After two years of tough organizing, it's hard to believe that it has already been a week since security guards who work at the Philadelphia Museum of Art voted to join the Philadelphia Security Officers Union, by a vote of 68 to 55.
The guards are employees of AlliedBarton, the country's largest provider of private security personnel. One of its contracts is with the museum, which pays AlliedBarton about $4 million per year for about 130 security guards to man the cultural behometh on the Parkway.

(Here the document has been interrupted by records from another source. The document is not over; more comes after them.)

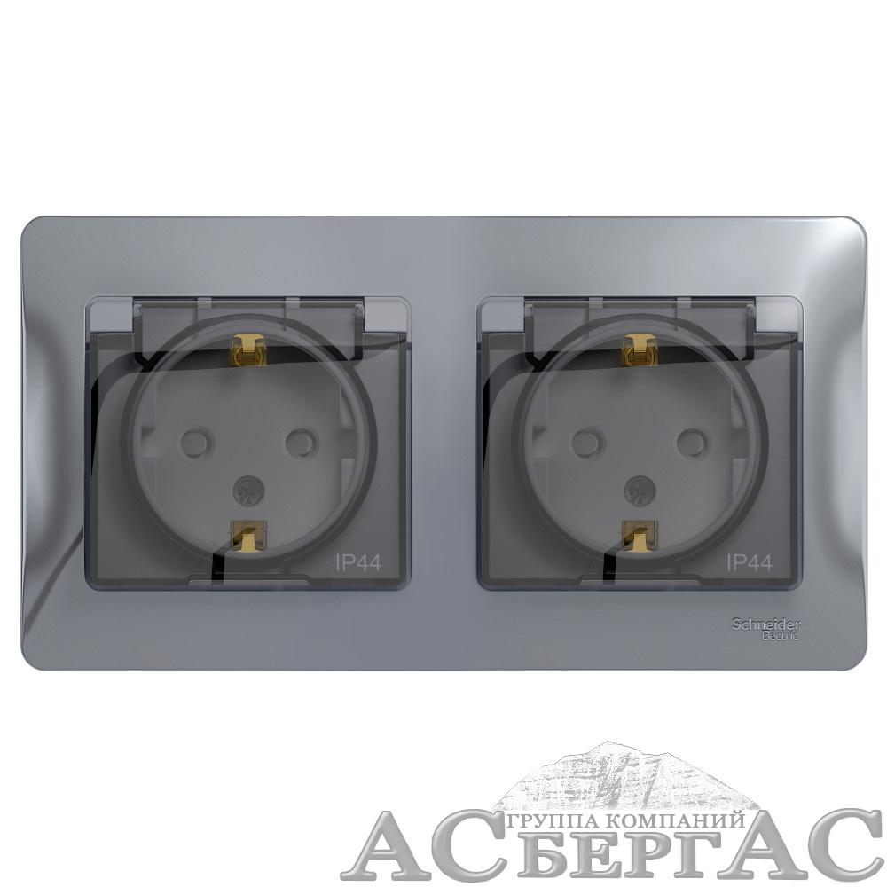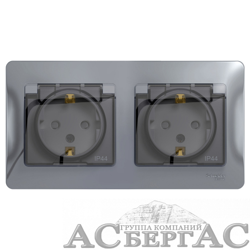 Розетка двойная с заземлением и со шторками IP44, в сборе (алюминий) Glossa Systeme Electric
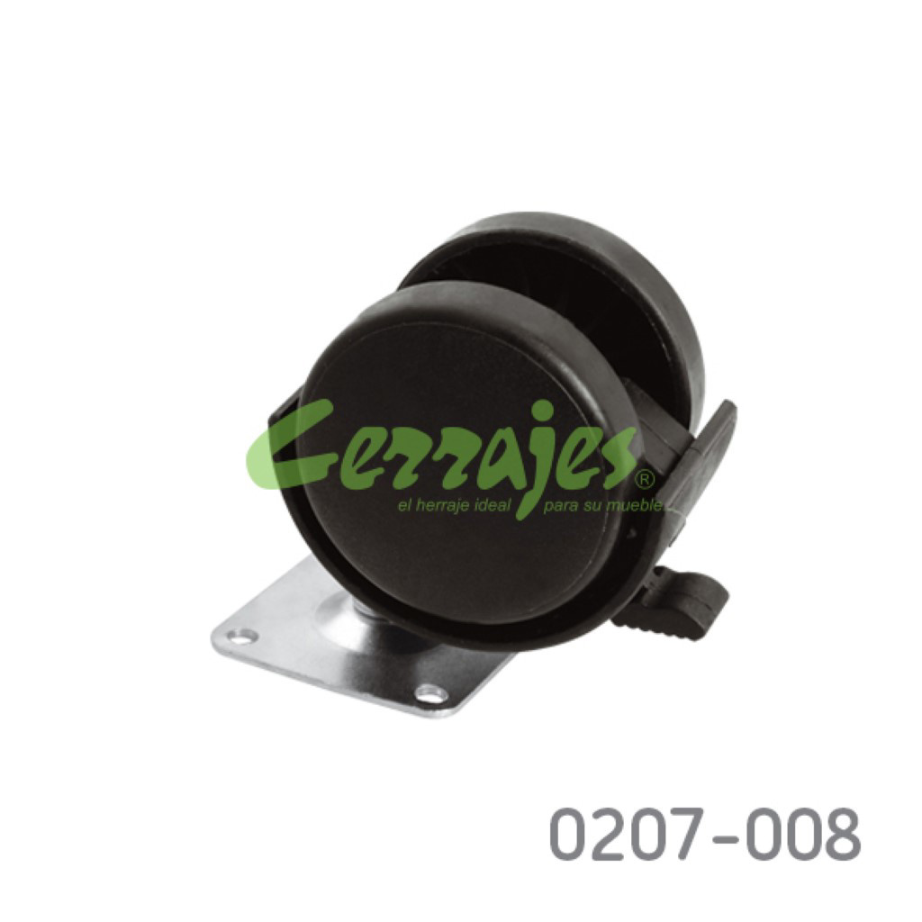 Rodaja plástica con placa 38x38 mm d 40 mm con freno
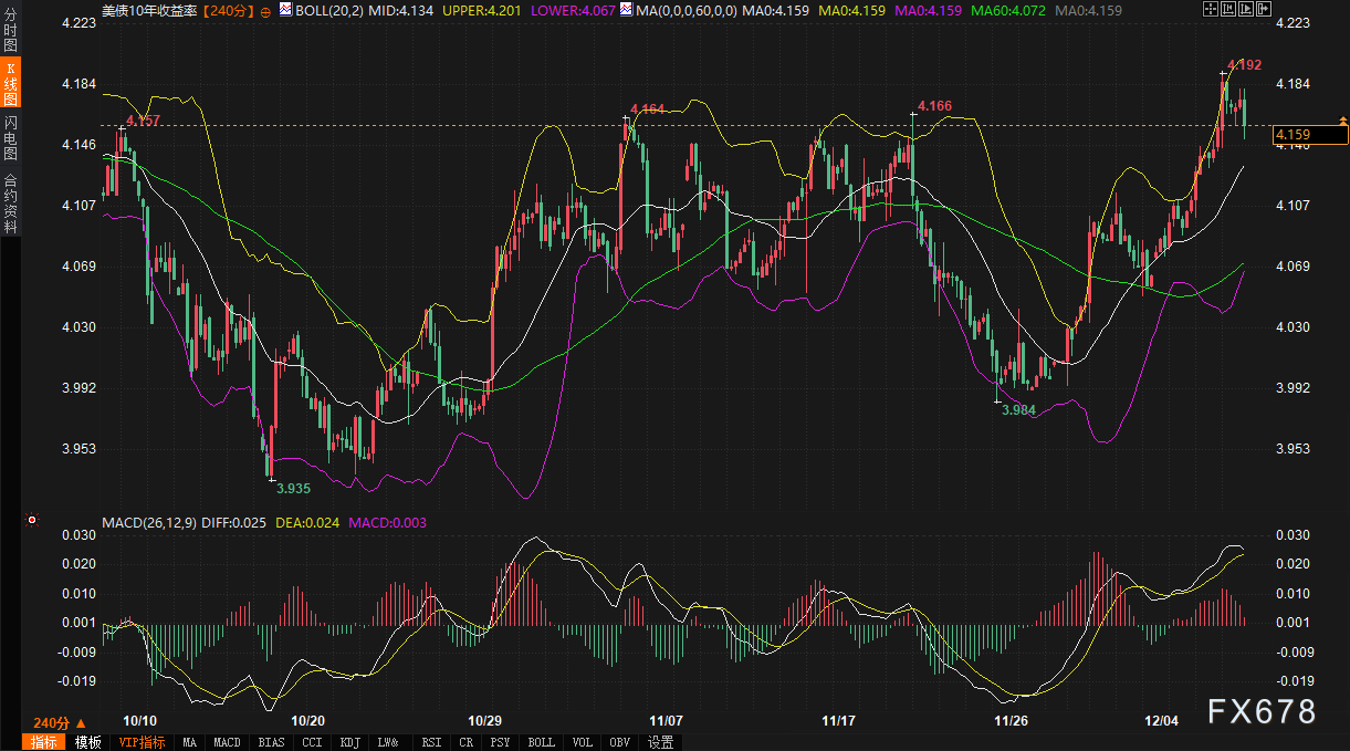 汇通财经APP讯——周二(12月9日),金融市场在美联储年末政策会议前夕表现敏感。美元指数日内微跌0.04%,报99.0719,继续横向整理,显示投资者在政策明朗前保持谨慎。10年期美债收益率报4.159%,日内小幅走低0.29%,但近两周累计上升近17个基点,表明市场正在消化美联储可能释放的信号。现货黄金上涨0.34%,报4204.52,在债市波动中呈现避险买盘。早盘美债成交温和,10年期合约成交28.5万手,曲线因欧洲债市反弹而趋平。欧美股市表现平淡,凸显当前债市动向对汇率与贵金属市场的传导效应。

In an e-mail, the Museum told the Inquirer, "The museum is not, and has not been, a party to this matter and will not be involved in the next steps. The next steps are between AlliedBarton, its employees, and the union."
That "Don't look at us - we're just the client here" stance is similar to the one Temple University took in November 2007, when I wrote a column about how the school's AlliedBarton guards were pushing for paid sick days (at the time, the guards had none at all). A Temple spokesman told me, back then, that it was the university's policy to not intervene into the employer-employee relationship at companies that do business on the campus.
Which was a bloodless way to pass the buck, since AlliedBarton often adjusts its employees' pay and benefits according to whatever terms have been negotiated with a client. If Temple had wanted its guards to have paid sick leave, the university could have made that benefit a condition of its contract with AlliedBarton, which could adjust its cost to Temple accordingly.
Two months later, that's what happened. As a result of loud student support of the guards' plea that they be permitted three paid sick days per year, Temple intervened with Allied Barton and the guards got a sick-leave benefit.
In doing so, Temple followed in the footsteps of the University of Pennsylvania, which had earlier - finally - also intervened to get paid sick leave for the AlliedBarton guards who work at Penn.
Still, fighting from one client institution to the next is a clunky way to go about ensuring that employees are treated with a bare minimum of decency on the job. If the whole security-guard workforce were organized, it could focus the issues.
The AlliedBarton guards who man the Art Museum were granted paid sick leave last year. With the union vote, they now hope to use collective bargaining to tackle their next issues - better wages and health care, says Fabricio Rodriguez, executive director of Philadelphia Jobs With Justice, which helped the guards organize. As talks ensue, it will be interesting to see whether the musuem maintains its "We're just the clients here" stance.